Further, the interests of specific and general deterrence weigh in
favor of revocation. Given the foundational nature and vast number of
Respondent's violations, a sanction less than revocation would send a
message to the existing and prospective registrant community that
compliance with the law is not a condition precedent to maintaining a
registration.
Accordingly, I shall order the sanction the Government requested,
as contained in the Order below.
Order
Pursuant to 28 CFR 0.100(b) and the authority vested in me by 21
U.S.C.
[[Page 9635]]
824(a) and 21 U.S.C. 823(g)(1), I hereby revoke DEA Certificate of
Registration No. BC5574048 issued to Robert Carter, D.D.S. Further,
pursuant to 28 CFR 0.100(b) and the authority vested in me by 21 U.S.C.

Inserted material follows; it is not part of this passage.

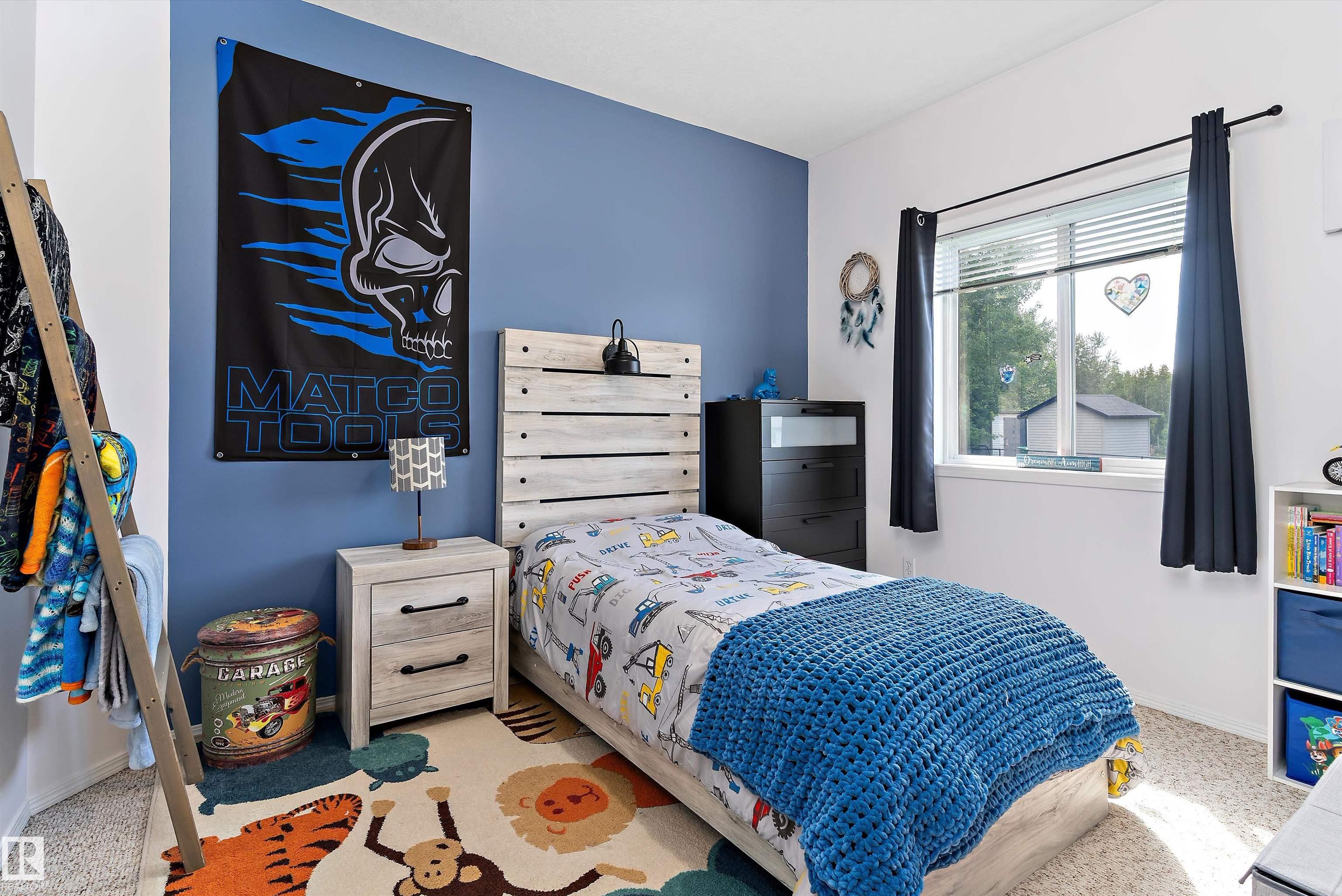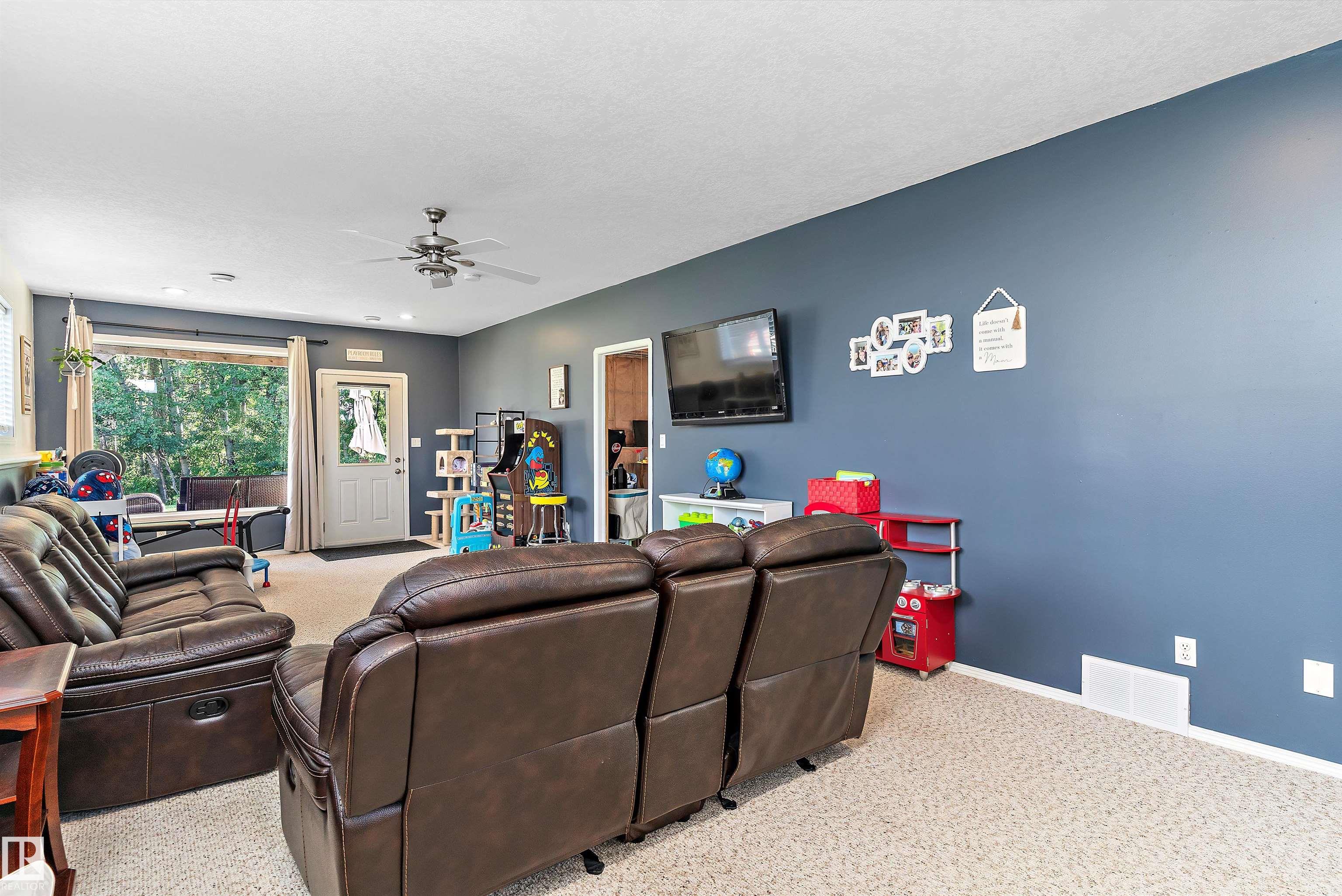 10/10 fenced acreage! Here is your chance to move into Willow Peak Park in the village of Spring Lake. This walk out Bi-level offers 3 bedrooms and 2 bathrooms. Main floor offers open concept with abundance of light. Beautiful oak kitchen with lots of storage, island, peninsula and walk in pantry and new appliances. Cozy living room with gas fireplace and vaulted ceiling. The main floor offers 2 bedrooms and a 4 piece bathroom. Just a few steps up will lead you to the large primary bedroom with a huge walk in closet and 4 piece bath with corner tub. The basement has large family room and laundry room. Additional basement space for a bedroom and bathroom. Two tiered deck allows for great entertaining in this private yard. Lots to explore on this beautiful property,walk down to the trees for a separate secluded fire pit area.Double attached garage with ample parking for vehicles and RV'S. Upgrades include new hot water tank (2023) Garage door(2024) and fence(2024) close to Blueberry school and Stony Plain

824(a) and 21 U.S.C. 823(g)(1), I hereby deny pending application
Number W20128194C and any other pending application of Robert Carter,
D.D.S., for registration in Delaware or New Jersey. This Order is
effective March 17, 2025.
Signing Authority
This document of the Drug Enforcement Administration was signed on
February 3, 2025, by Acting Administrator Derek Maltz. That document
with the original signature and date is maintained by DEA. For
administrative purposes only, and in compliance with requirements of
the Office of the Federal Register, the undersigned DEA Federal
Register Liaison Officer has been authorized to sign and submit the
document in electronic format for publication, as an official document
of DEA. This administrative process in no way alters the legal effect
of this document upon publication in the Federal Register.
Heather Achbach,
Federal Register Liaison Officer, Drug Enforcement Administration.